Il est bien établi que celui qui s’engage dans des négociations pour la conclusion d’un bail est tenu au respect d’obligations de degré variable. Dépendamment des termes convenus et du degré d’avancement de ces négociations, elles peuvent aller de la simple obligation de négocier de bonne foi jusqu’à celle de conclure le bail projeté. Devant de telles obligations et leurs implications légales, il est légitime de se questionner sur la possibilité de mettre fin à des négociations stériles. Bien qu’il soit généralement bien avisé d’agir avec circonspection avant de rompre des négociations, la Cour supérieure rappelle, dans un jugement récent[1], qu’une partie peut, en certaines circonstances, mettre fin à de telles négociations sans engager sa responsabilité.
L’affaire oppose 6300, Avenue du Parc inc. (« 6300 ») à 9288-4212 Québec inc. (« Cohaus »). Cette dernière, alors une jeune pousse sans actif, souhaitait exploiter des installations de coworking dans l’immeuble de 6300. L’offre de location (l’« Offre »), conclue en mai 2014, prévoyait notamment que Cohaus remettrait avant la fin du mois de juin une lettre de crédit de 150 000$ devant garantir ses obligations. Une fois cette lettre de crédit remise à 6300, cette dernière devait effectuer certains travaux dans les locaux, après quoi Cohaus bénéficiait d’une période d’aménagement de 3 mois avant le début du bail, prévu le 1er octobre 2014. Quoique l’Offre précisait être contraignante (« binding ») pour les parties, il était également stipulé qu’un bail devait être conclu avant la prise de possession des locaux.

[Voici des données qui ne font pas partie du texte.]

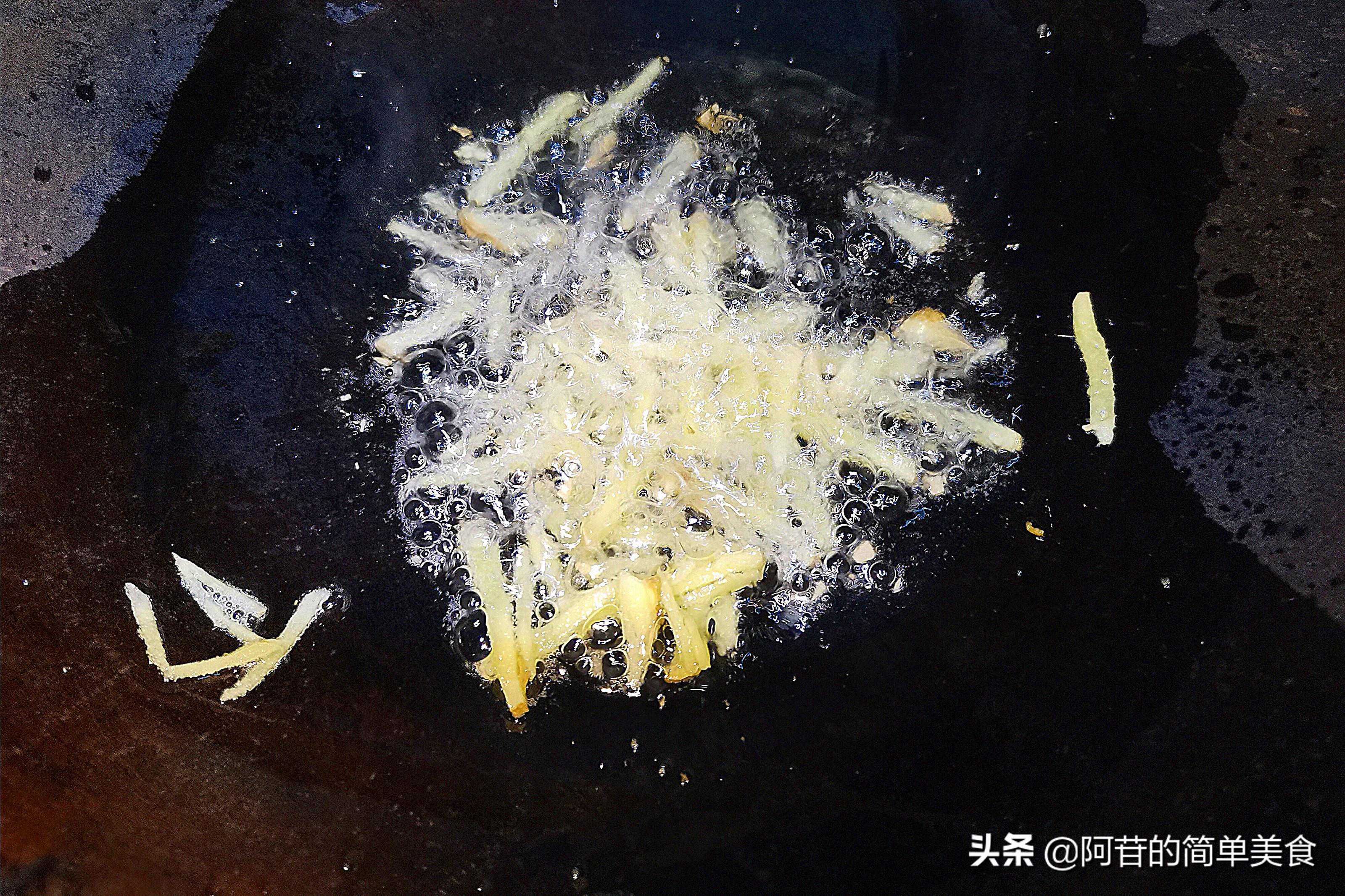 3.准备一只锅,先把锅烧热,然后放入猪油,用热量将猪油慢慢融化,再倒入姜丝炒出香味。

Bien qu’un projet de bail conforme à l’offre ait été soumis à Cohaus le 6 juin 2014, celui-ci ne sera pas signé par Cohaus, laquelle ne remettra pas non plus de lettre de crédit. Cohaus justifiait ces omissions au motif qu’elle n’avait pas été en mesure de prendre possession des locaux, notamment parce que 6300 n’avait pas complété ses travaux, ce qui aurait retardé l’avancement du dossier. Assimilant ces faits à des défauts de 6300, Cohaus exigea des modifications à l’Offre, notamment par le report du début de la période d’aménagement, un congé de loyer de deux mois et le droit de déposer dans un compte en fidéicommis d’avocat un montant de 150 000$ en lieu et place de l’émission d’une lettre de crédit.
6300 accepte de modifier certaines dispositions de l’Offre mais maintient son exigence que Cohaus lui fournisse le bail signé et la lettre de crédit. Face au refus répété de Cohaus, 6300 rompt finalement les négociations. Cohaus entreprend alors des procédures, réclamant plus de 5 millions de dollars en perte de profits et en dommages, au motif que 6300 aurait rompu les négociations de manière fautive.
La juge, qui rejette la réclamation de Cohaus, conclut plutôt que cette résiliation était justifiée par le propre défaut de Cohaus de respecter les termes de l’Offre, soit de remettre un bail signé et une lettre de crédit à 6300. La juge rappelle ainsi la règle voulant que lorsqu’une partie est en demeure d’exécuter son obligation et que son défaut persiste après l’expiration du délai fixé, l’autre partie est en droit de résilier son contrat sans qu’il soit pour cela nécessaire d’entreprendre une action judiciaire.
En l’espèce, l’Offre rendait la prise de possession des locaux conditionnelle à la signature d’un bail : loin de constituer une simple formalité, la signature du bail était une obligation dont le non‑respect pouvait justifier la résiliation extrajudiciaire de l’Offre par 6300. Il en va de même pour la remise de la lettre de crédit, condition d’autant plus essentielle pour 6300 que Cohaus était alors une « coquille vide [n’ayant] aucun actif ni historique de profitabilité ». Enfin, le tribunal estime qu’en exigeant comme elle l’a fait des modifications à l’Offre, Cohaus a elle-même rendu l’Offre caduque. 6300 n’a donc commis aucune faute en confirmant la résiliation de l’Offre.
Ainsi, bien que la bonne foi doive toujours gouverner la conduite des parties lors de négociations, cette obligation ne va pas jusqu’à devoir que son vis-à-vis contrevienne de manière répétée à ses engagements.
Julien Poirier-Falardeau, avocat
[1] 9288-4212 Québec inc. c. 6300, Avenue du Parc inc., 2021 QCCS 1328 (CanLII). En date du 5 mai 2021, aucun avis d’appel n’avait été déposé.